В то же время облик Инес был еще слишком нов для него. Мартин еще не помнил толком ее походку, не знал оттенки голоса, движения головы… он не был даже уверен, какого цвета ее глаза, хотя помнил, что они ему очень понравились. Какие они? Карие или, быть может, черные?

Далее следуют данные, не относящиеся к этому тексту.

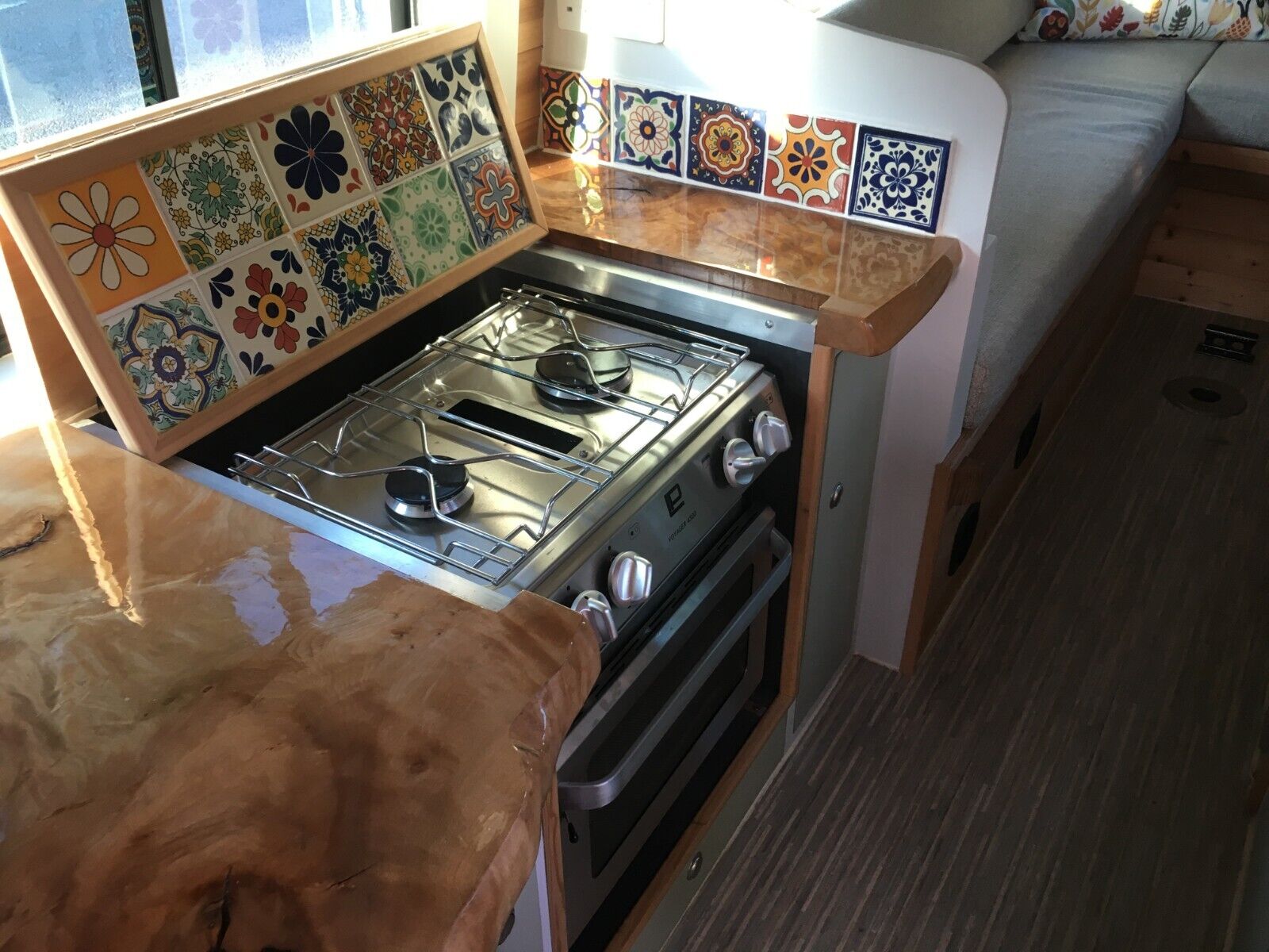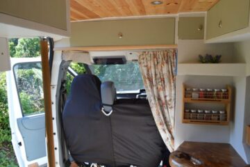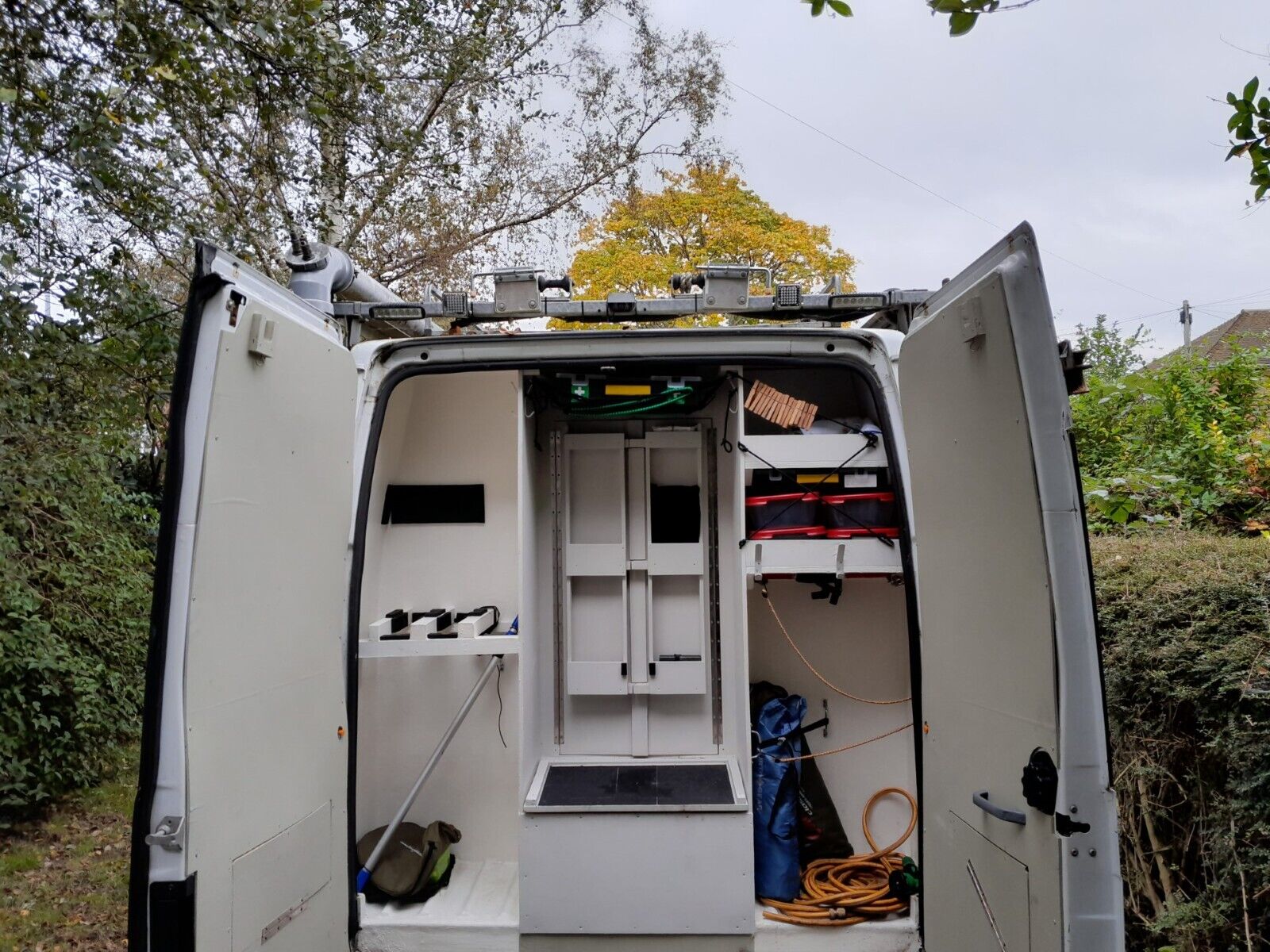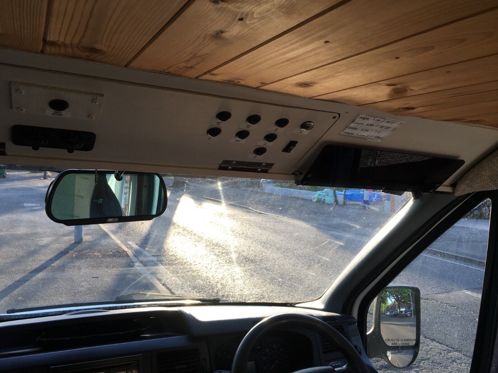 Safety was prime concern for the person who built this van from the drivers bulkhead , secure fixings throughout, venting for gas/heating CO2 smoke alarms, fire extinguisher, safety escape hatch.

«А ты не подумал, болван, что тебе вряд ли следует стоять здесь, наблюдая за этой сценой, именно сегодня? И еще размышляешь об эффективности маскировки! Они ведь заметят тебя. Она заметит, ведь она намного наблюдательнее тебя, и тогда, скажи, идиот, как тебе удастся заставить ее поверить в то, что ты дьявол, если она видела тебя несколько часов назад на улице с сумкой для покупок в руке? К тому же не забывай, она тебя и так уже знает — я имею в виду не только встречу в «Кризисе 40» (будем надеяться, что сильное опьянение оправдает возлагаемые на него надежды), а тот раз, когда она ошалело уставилась на тебя, когда ты заходил в кафе на углу. Да, конечно, на тебе была шерстяная шапка, натянутая по самые глаза, как носят сегодня. Ну и что из того? К сожалению, у тебя слишком запоминающаяся внешность, красавчик. Понял, Мартинсито?»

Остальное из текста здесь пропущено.